Category: 5448-43-1

A novel synthesis of quinoxaline-6-carbaldehyde and its evaluation as potential antimicrobial agent was written by Pai, Nandini R.;Vishwasrao, Sandesh G.. And the article was included in Pharma Chemica in 2011.Recommanded Product: 5448-43-1 This article mentions the following:

A novel synthetic process for quinoxaline-6-carboxaldehyde (I), expected to exhibit antimicrobial activity, was presented. Compound I was evaluated for antimicrobial potency in vitro and in vivo. The min. inhibitory concentration (MIC) of the I against bacteria was determined by agar and broth dilution in vitro. The antibacterial activity was confirmed by animal experiments Toxicity and protective efficacy were tested in vivo. Compound I inhibited most of the bacterial isolates at 25-100 μg/mL, and a few were sensitive even at 10 μg/mL. It was found to be bacteriostatic against Shigella dysenteriae and bactericidal against S. aureus. When administered to mice, I protected the animals challenged with 50 MLD of Salmonella typhimurium. The drug showed inhibitory action against several pathogenic bacteria and also offered significant protection to mice against the bacterial challenge. In the experiment, the researchers used many compounds, for example, 6-Chloroquinoxaline (cas: 5448-43-1Recommanded Product: 5448-43-1).

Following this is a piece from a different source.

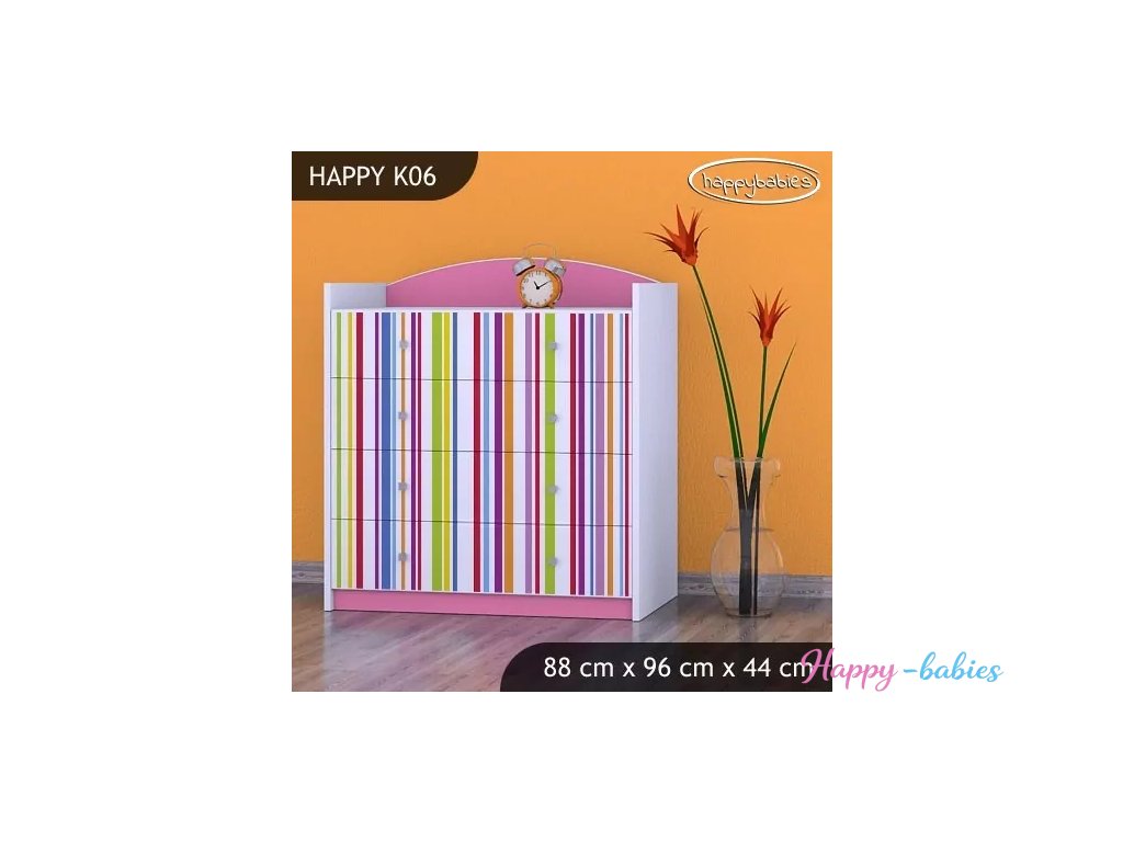 Komoda Happy K06 – barevné pásky je kvalitní a masivní dětská komoda s moderním hravým designem, ideální do dětského pokoje.

6-Chloroquinoxaline (cas: 5448-43-1) belongs to quinoxaline derivatives. Quinoxaline derivatives are important constituents of pharmacologically active compounds, including as well as for RNA synthesis inhibition, reactive dyes and pigments, azo dyes, flurox Cylin Dyes, Corrosion Inhibitors and Photovoltaic Polymers. Quinoxalines are used in the treatment of bacterial, cancer, and HIV infections. Moreover, varenicline, a clinical drug is used for treating nicotine addiction, also contains quinoxaline moiety.Recommanded Product: 5448-43-1

Referemce:
Quinoxaline – Wikipedia,
Quinoxaline | C8H6N2 | ChemSpider

Exploiting Ancillary Ligation To Enable Nickel-Catalyzed C-O Cross-Couplings of Aryl Electrophiles with Aliphatic Alcohols was written by MacQueen, Preston M.;Tassone, Joseph P.;Diaz, Carlos;Stradiotto, Mark. And the article was included in Journal of the American Chemical Society in 2018.SDS of cas: 5448-43-1 This article mentions the following:

The use of (L)Ni(o-tolyl)Cl precatalysts (L = PAd-DalPhos or CyPAd-DalPhos, I or II, resp.) enables the C(sp²)-O cross-coupling of primary, secondary, or tertiary aliphatic alcs. with (hetero)aryl electrophiles, including unprecedented examples of such nickel-catalyzed transformations employing (hetero)aryl chlorides, sulfonates, and pivalates. In addition to offering a competitive alternative to palladium catalysis, this work establishes the feasibility of utilizing ancillary ligation as a complementary means of promoting challenging nickel-catalyzed C(sp²)-O cross-couplings, without recourse to precious-metal photoredox catalytic methods. In the experiment, the researchers used many compounds, for example, 6-Chloroquinoxaline (cas: 5448-43-1SDS of cas: 5448-43-1).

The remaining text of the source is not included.